TASK INSTRUCTIONS
Output the full listing exactly as written, with no pictures in it.

DATA SECTION
⟨

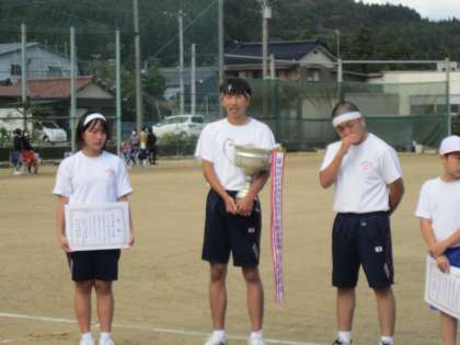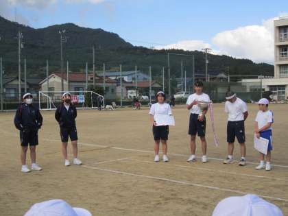 第5回 小中合同体育大会 解団式 公開日 2021/10/25 更新日 2021/10/25 日々の活動から 白虎団の解団式の様子です。 3年生のリーダーから団員への感謝の言葉がありました。 先輩から後輩への言葉もありました。
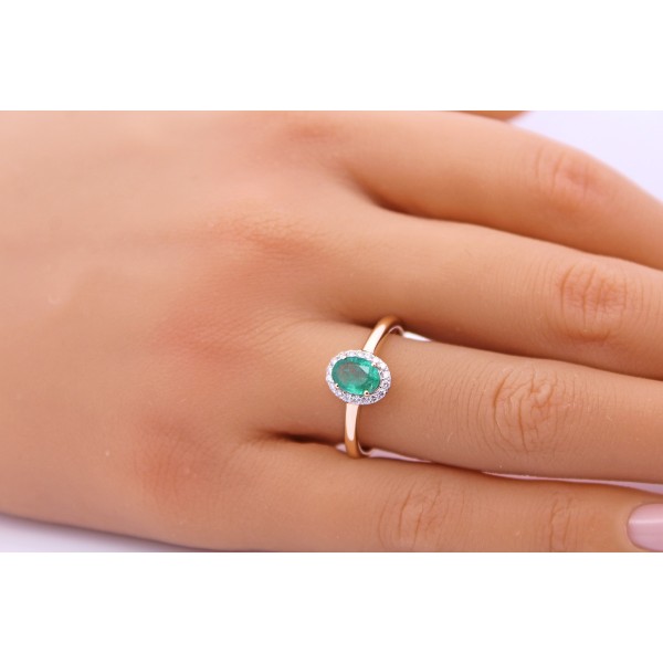 Dieser exclusive Damenring in Gelbgold 375 (Gold 9 Karat), vereint klassische Goldschmiedekunst mit dem Anspruch an Ethik und Nachhaltigkeit. Im Mittelpunkt steht ein natürlicher Smaragd aus Sambia von ca. 0,74ct. im Ovalschliff, der durch seine leuchtende, tiefgrüne Farbe fasziniert. Flankiert wird dieser von 18 Lab Grown Diamanten im Brillantschliff mit einem Totalgewicht von ca. 0,15ct. mit einer Qualität von G/VSI (hochfeines weiß/sehr kleine natürliche Einschlüße). Die Diamanten rundherum in Weißgold Krappen gefasst, diese Anordnung verstärkt die Strahlkraft des zentralen Steins und sorgt für ein glamouröses Funkeln. Die Kombination aus dem wunderschönen Smaragd und den funkelnden Diamanten schafft eine perfekte Balance zwischen Farbintensität und Strahlkraft. In präziser Handarbeit wurde der Damenschmuck mit einer Breite von 9,5mm, einer Höhe von 4,9mm, einer Stärke von 1,3mm gefertigt und einem Gewicht von ca. 2,3 Gramm. Der Goldring ist bei uns in den Größen 17-20mm ab Lager verfügbar.
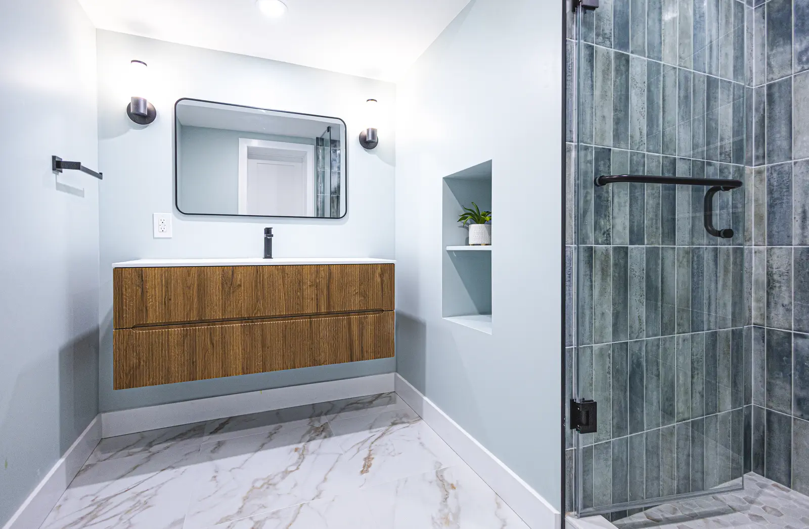 Many homeowners now prefer clean lines, floating vanities, and soft neutral tones. Lighting services in Unionville often include layered lighting — overhead fixtures, vanity lights, and accent illumination that creates depth without overwhelming the space.

⟩

TASK RESULT
 第5回 小中合同体育大会 解団式 公開日 2021/10/25 更新日 2021/10/25 日々の活動から 白虎団の解団式の様子です。 3年生のリーダーから団員への感謝の言葉がありました。 先輩から後輩への言葉もありました。
 Dieser exclusive Damenring in Gelbgold 375 (Gold 9 Karat), vereint klassische Goldschmiedekunst mit dem Anspruch an Ethik und Nachhaltigkeit. Im Mittelpunkt steht ein natürlicher Smaragd aus Sambia von ca. 0,74ct. im Ovalschliff, der durch seine leuchtende, tiefgrüne Farbe fasziniert. Flankiert wird dieser von 18 Lab Grown Diamanten im Brillantschliff mit einem Totalgewicht von ca. 0,15ct. mit einer Qualität von G/VSI (hochfeines weiß/sehr kleine natürliche Einschlüße). Die Diamanten rundherum in Weißgold Krappen gefasst, diese Anordnung verstärkt die Strahlkraft des zentralen Steins und sorgt für ein glamouröses Funkeln. Die Kombination aus dem wunderschönen Smaragd und den funkelnden Diamanten schafft eine perfekte Balance zwischen Farbintensität und Strahlkraft. In präziser Handarbeit wurde der Damenschmuck mit einer Breite von 9,5mm, einer Höhe von 4,9mm, einer Stärke von 1,3mm gefertigt und einem Gewicht von ca. 2,3 Gramm. Der Goldring ist bei uns in den Größen 17-20mm ab Lager verfügbar.
 Many homeowners now prefer clean lines, floating vanities, and soft neutral tones. Lighting services in Unionville often include layered lighting — overhead fixtures, vanity lights, and accent illumination that creates depth without overwhelming the space.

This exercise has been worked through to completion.